Challenges of Multi-Object Manipulation

Compared to single-object, multi-object manipulation is harder because:

Challenge Description Solution
Larger state space More objects = more configurations Need more demonstrations
Object interaction Objects occlude, collide with each other Careful camera placement
Task ambiguity Which object to grasp first? Language conditioning
Longer horizons More steps per episode Curriculum learning
Generalization Random positions each time Domain randomization

Designing Datasets for Multi-Object Tasks

Scaling Up Demonstrations

# Rule of thumb for demo counts:
# - Single object: 50-100 demos
# - 2-3 objects: 100-200 demos
# - 4+ objects: 200-500 demos
# - Language-conditioned: 2x more for each task variant

DEMO_REQUIREMENTS = {
    "sort_2_colors": {"min_demos": 100, "variants": 2},  # Red->bin1, Blue->bin2
    "sort_3_colors": {"min_demos": 200, "variants": 6},  # 3! permutations
    "stack_2_blocks": {"min_demos": 100, "variants": 2},  # AB, BA
    "stack_3_blocks": {"min_demos": 300, "variants": 6},  # 3! permutations
    "rearrange_pattern": {"min_demos": 150, "variants": 3},
}

Dataset Diversity Is Key

import numpy as np

def randomize_object_poses(n_objects=3, workspace_bounds=None):
    """Generate random initial poses for objects.
    
    IMPORTANT: Diversity in initial poses helps the policy
    generalize better. Never start from the same position!
    """
    if workspace_bounds is None:
        workspace_bounds = {
            "x": (-0.15, 0.15),
            "y": (-0.15, 0.15),
            "z": (0.02, 0.02),  # On the table
        }
    
    poses = []
    min_distance = 0.06  # Minimum 6cm between objects
    
    for i in range(n_objects):
        while True:
            x = np.random.uniform(*workspace_bounds["x"])
            y = np.random.uniform(*workspace_bounds["y"])
            z = workspace_bounds["z"][0]
            
            # Check no overlap with placed objects
            valid = True
            for prev_pose in poses:
                dist = np.sqrt((x - prev_pose[0])**2 + (y - prev_pose[1])**2)
                if dist < min_distance:
                    valid = False
                    break
            
            if valid:
                poses.append([x, y, z])
                break
    
    return np.array(poses)


def create_sorting_environment(n_objects=3, n_bins=3):
    """Create environment for sorting task.
    
    Objects: Colored cubes (red, green, blue)
    Bins: Target zones corresponding to each color
    """
    import robosuite as suite
    
    env = suite.make(
        env_name="PickPlace",
        robots="Panda",
        has_renderer=True,
        has_offscreen_renderer=True,
        use_camera_obs=True,
        camera_names=["agentview", "robot0_eye_in_hand"],
        camera_heights=480,
        camera_widths=640,
        num_objects=n_objects,
        object_type="cube",
        bin_type="colored",
    )
    return env

Language-Conditioned Policies

With multiple objects, the robot needs to know which one to grasp. Language conditioning allows you to instruct the robot using natural language.
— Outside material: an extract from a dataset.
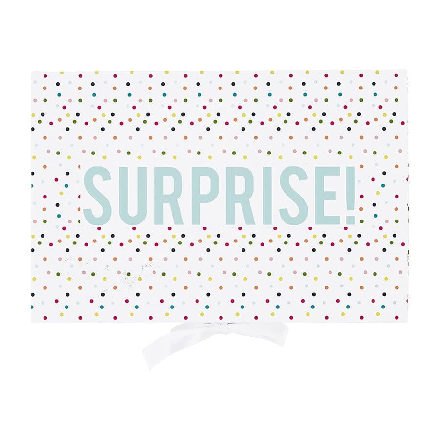 - Gift Box: A sturdy, paper-wrapped gift box with a cheerful "Surprise" message on the front.

Adding Language Embeddings to Policy

from transformers import AutoTokenizer, AutoModel
import torch

class LanguageConditionedPolicy:
    """Policy that can receive natural language instructions.
    
    Example instructions:
    - "Pick the red block and place it in the left bin"
    - "Stack the blue block on top of the green block"
    - "Sort all blocks by color"
    """
    
    def __init__(self, base_policy, language_model="sentence-transformers/all-MiniLM-L6-v2"):
        self.policy = base_policy
        self.tokenizer = AutoTokenizer.from_pretrained(language_model)
        self.language_encoder = AutoModel.from_pretrained(language_model)
        self.language_encoder.eval()
        
        # Projection layer: language embedding -> policy embedding space
        self.lang_proj = torch.nn.Linear(384, 512)  # MiniLM -> policy dim
    
    def encode_instruction(self, instruction):
        """Encode instruction into embedding vector."""
        tokens = self.tokenizer(
            instruction, 
            return_tensors="pt", 
            padding=True, 
            truncation=True,
            max_length=64,
        )
        
        with torch.no_grad():
            output = self.language_encoder(**tokens)
            embedding = output.last_hidden_state.mean(dim=1)
        
        return self.lang_proj(embedding)
    
    def predict_action(self, observation, instruction):
        """Predict action based on observation + language instruction."""
        lang_embedding = self.encode_instruction(instruction)
        observation["language_embedding"] = lang_embedding
        
        with torch.no_grad():
            action = self.policy.select_action(observation)
        
        return action


# Usage
policy = LanguageConditionedPolicy(base_act_policy)
action = policy.predict_action(
    observation=obs,
    instruction="Pick the red cube and place it in the left bin"
)

Dataset with Language Annotations

from lerobot.common.datasets.lerobot_dataset import LeRobotDataset

def create_language_conditioned_dataset(repo_id):
    """Create dataset with language annotations for each episode."""
    dataset = LeRobotDataset.create(
        repo_id=repo_id,
        fps=30,
        robot_type="franka",
        features={
            "observation.image": {
                "dtype": "video",
                "shape": (480, 640, 3),
                "names": ["height", "width", "channels"],
            },
            "observation.state": {
                "dtype": "float32",
                "shape": (7,),
                "names": ["joint_positions"],
            },
            "action": {
                "dtype": "float32",
                "shape": (7,),
                "names": ["joint_velocities"],
            },
            "language_instruction": {
                "dtype": "string",
                "shape": (1,),
                "names": ["instruction"],
            },
        },
    )
    return dataset


# Sample instructions for sorting task
SORTING_INSTRUCTIONS = [
    "Sort the red block into the red bin",
    "Sort the blue block into the blue bin",
    "Sort the green block into the green bin",
    "Sort all blocks by color into their matching bins",
    "Pick the red block first, then sort the remaining blocks",
]

Language-conditioned robot manipulation

Example 1: Sorting 3 Colored Blocks into Bins

Environment Setup

import numpy as np

class ColorSortingEnv:
    """Environment for sorting 3 colored blocks."""
    
    def __init__(self):
        self.n_objects = 3
        self.colors = ["red", "green", "blue"]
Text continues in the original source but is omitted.